Records excerpted from a collection:
* * *
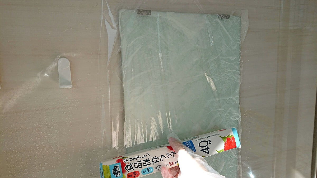 クエン酸を含んだキッチンペーパーをラップで覆います。
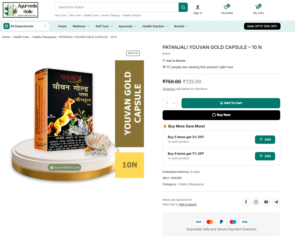 The Youvan Gold Capsule is an Ayurvedic supplement designed to revitalize the body, promote vigor, and enhance energy levels. Rooted in the principles of Ayurveda, this capsule is crafted using potent natural ingredients that work synergistically to address the root causes of fatigue and weakness. It is marketed as a safe and natural alternative to synthetic energy boosters, with an emphasis on restoring the body’s balance and vitality.
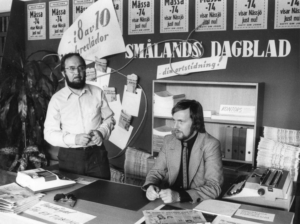 Thore "Tex" Erixzon som annonschef på lokaltidningen Smålands Dagblad i Nässjö. Till höger medarbetaren Curt Hårdh. Foto från 1970-talet.
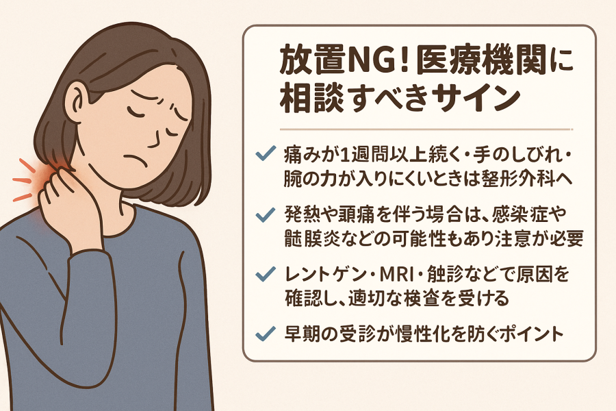 整形外科では、レントゲンやMRI検査で炎症や神経圧迫の有無を確認できるため、長引く場合は早めに相談することが大切です。
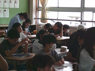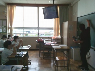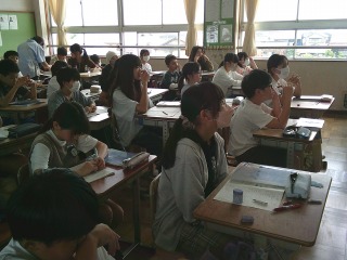 蛇口の水を水槽にどれだけの時間流すといっぱいになるか、文字を使った式で求めていました。
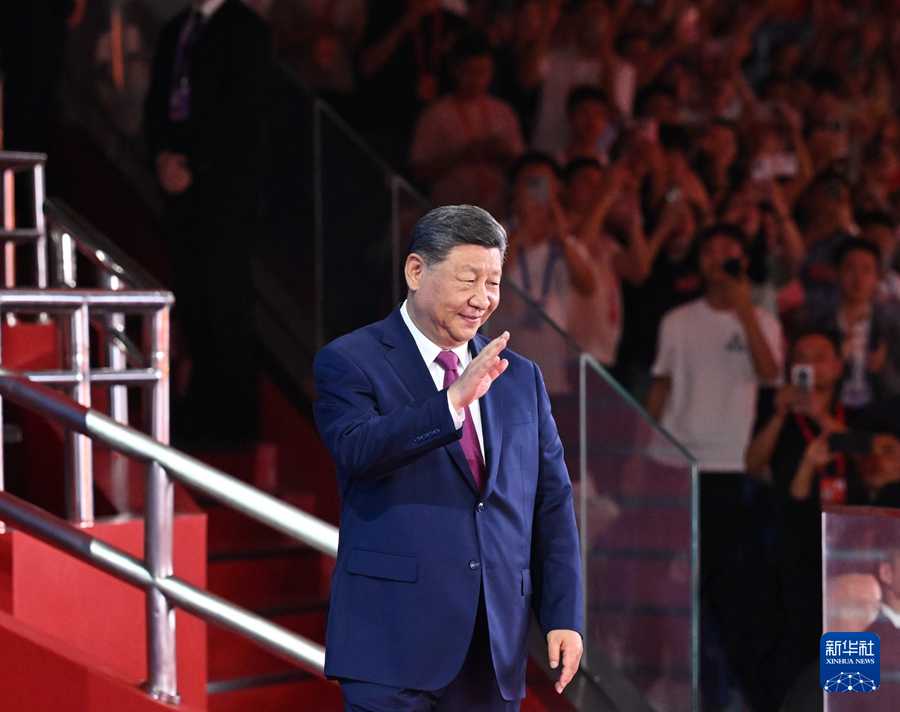 11月9日晚,中共中央總書記、國家主席、中央軍委主席習近平在廣東省廣州市出席中華人民共和國第十五屆運動會開幕式并宣布運動會開幕。這是習近平在主席臺上向大家揮手致意。新華社記者 謝環馳 攝
* * *
_PROBLEM STATEMENT_
Set out every record exactly, images excluded.

_RESPONSE BOX_
 クエン酸を含んだキッチンペーパーをラップで覆います。
 The Youvan Gold Capsule is an Ayurvedic supplement designed to revitalize the body, promote vigor, and enhance energy levels. Rooted in the principles of Ayurveda, this capsule is crafted using potent natural ingredients that work synergistically to address the root causes of fatigue and weakness. It is marketed as a safe and natural alternative to synthetic energy boosters, with an emphasis on restoring the body’s balance and vitality.
 Thore "Tex" Erixzon som annonschef på lokaltidningen Smålands Dagblad i Nässjö. Till höger medarbetaren Curt Hårdh. Foto från 1970-talet.
 整形外科では、レントゲンやMRI検査で炎症や神経圧迫の有無を確認できるため、長引く場合は早めに相談することが大切です。
 蛇口の水を水槽にどれだけの時間流すといっぱいになるか、文字を使った式で求めていました。
 11月9日晚,中共中央總書記、國家主席、中央軍委主席習近平在廣東省廣州市出席中華人民共和國第十五屆運動會開幕式并宣布運動會開幕。這是習近平在主席臺上向大家揮手致意。新華社記者 謝環馳 攝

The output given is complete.